Stevie Nicks has been to hell and back and lived to write some more songs about it.
Along with being the lead singer for the legendary rock band “Fleetwood Mac” and a successful solo artist, the songstress has also had a lengthy battle with addiction, entering rehab once for cocaine and a second time for pills.
So now at age 62, with a new album drawn from her personal diaries being released this week, what is Nicks' greatest regret?
“The only thing I would change is walking into that psychiatrists office who prescribed me Klonopin," Nicks told FOX411's Pop Tarts in an exclusive interview in her Pacific Palisades mansion. "That ruined my life for eight years."
Klonopin is a tranquilizer generally used to treat seizures and panic disorder. Nicks said it was not for her.
"That was just a stupid doctor making a groupie mistake and just wanting me to come in there, tell him about all my music friends and young Hollywood and that nearly ruined my life and nearly killed me,” Nicks said. “That’s eight years that I could have. God knows, maybe I would have met someone, maybe I would have had a baby. That was my prime eight years. That was a big mistake. Everything else was exactly how it should have been."
Nicks is looking back as she releases her first studio album since 2001. “In Your Dreams” is a collection of songs she said came directly from her years of journals.
“It is real, the experiences are real,” she said. “I’m not a storyteller, because I don’t make up stories. The stories are real.”
And when you’re a superstar like Nicks, recording an album doesn’t even require leaving the house.
“We had the best time, we had dinners every night for ten or twelve and we discussed politics and the world and music and art and things that were going on,” she said. “And it was like being in Paris in the 20s when all the artists would gather on Sundays and eat dinners and discuss the world. We did that, and we did it for almost a year.”
One dinner guest was Reese Witherspoon, who met the rock and roll queen through her parents.
“I met Reese’s mom first on an airplane and she is just insane, she is darling. She was going to Nashville and I talked to her the whole way, she had a little Yorkie with her and we instantly bonded. I was going to do a session there and invited her to come,” Nicks said. “Never in a million years did I think she would actually come but she did, along with Dr. Witherspoon. They came and spent six hours in the studio as the audience as I worked on a new vocal, so after I met the mom I then met Reese the daughter.”
The Oscar-winning actress even came up with a name for one of the tracks on Nicks’ new album: “Cheaper Than Free.”
Despite the accolades the singer has garnered over the years – more than 40 Top 50 hits and selling over 140 million albums – she is still anxious to see how the world will receive her latest studio offering.
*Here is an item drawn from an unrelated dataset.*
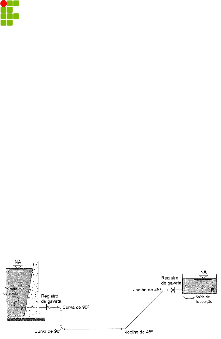 <p>INSTITUTO FEDERAL DE EDUCAÇÃO CIÊNCIA E TENCNOLOGIA DE PERNAMBUCO</p><p>DEPARTAMENTO DE INFRA- ESTRTRUTURA E CONSTRUÇÃO CIVIL</p><p>DISCIPLINA – HIDRÁULICA</p><p>1</p><p>NOME:______________________________________________________________________</p><p>MATRÍCULA: ______________________________ DATA _________________________</p><p>ATIVIDADE 2</p><p>1º) Utilize a fórmula Universal de perda de carga para estimar a perda de carga em uma tubulação de Ferro</p><p>Fundido de 200 mm, com 100 metros de comprimento, e que conduz água a uma vazão de 221,76 m3/h.</p><p>Considere: rugosidade específica do Ferro Fundido () = 0,25 mm; Água na Temperatura de 20ºC - = 10-6</p><p>m2/s;</p><p>2º) Uma adutora fornece a vazão de 150 l/s, através de uma tubulação de aço soldado, revestido com</p><p>esmalte diâmetro de 400 mm e 2 Km de extensão. Determinar a perda de carga na tubulação por meio da</p><p>equação de Hazen-Williams.</p><p>3º) A tubulação de PVC, com 200 metros de comprimento e 100 mm de diâmetro, transporta água para um</p><p>reservatório a vazão de 12 l/s. No conduto há algumas conexões e aparelhos que estão mostrados na figura</p><p>abaixo, pede-se calcular:</p><p>a) Perda de carga contínua</p><p>b) Soma das perdas de cargas locais e sua porcentagem em relação a perda de carga contínua;</p><p>c) Perda de carga total</p><p>INSTITUTO FEDERAL DE EDUCAÇÃO CIÊNCIA E TENCNOLOGIA DE PERNAMBUCO</p><p>DEPARTAMENTO DE INFRA- ESTRTRUTURA E CONSTRUÇÃO CIVIL</p><p>DISCIPLINA – HIDRÁULICA</p><p>2</p><p>5º) Uma adutora que interliga dois reservatórios cuja diferença de nível é 15 metros Esta adutora é</p><p>composta por dois trechos ligados em série sendo o primeiro de 1000 metros de extensão e diâmetro de</p><p>400 mm e outro de 800 metros de comprimento e 300 mm de diâmetro, ambos os trechos com coeficiente</p><p>de perda de carga da fórmula Universal igual a 0,020. Desconsiderando as perdas de cargas localizadas.</p><p>Determine:</p><p>a) a vazão escoada na adutora;</p><p>b) a perda de carga contínua em cada trecho</p>

“It is huge pressure, but I needed to make a record, I needed to write songs and be the artist that I have always told everybody I am,” Nicks continued. “I’m sorry that the music business is a mess and I’m sorry that the Internet piracy has taken over movies, music, art, books and everything else. but this is not going to stop me from being an artist. But I don’t let myself get excited about anything until I know it is doing well. I don’t want my feelings hurt.”
While she doesn't want her feelings hurt, unlike most Hollywood women, Nicks says she has no fear of age.
“Probably the most exciting part of my life is ahead of me. I want to write a screenplay for a movie for Rhiannon (based on the hit 1976 Fleetwood Mac song.) That story is from the Welch Maginogi (Medieval prose tales) and it is a huge, beautiful, crazy story and a big thick book,” she said. “I’ve been trying to do it since 1978 but I never have the time so I look forward to the time when my life starts to wind down. Maybe the next 25 years will be the best 25 years. I’m not afraid of getting old.”
Unfortunately, Nicks will have a hard time promoting the album right off the bat as she fell ill with pneumonia just after our interview and canceled a slew of scheduled shows across the country.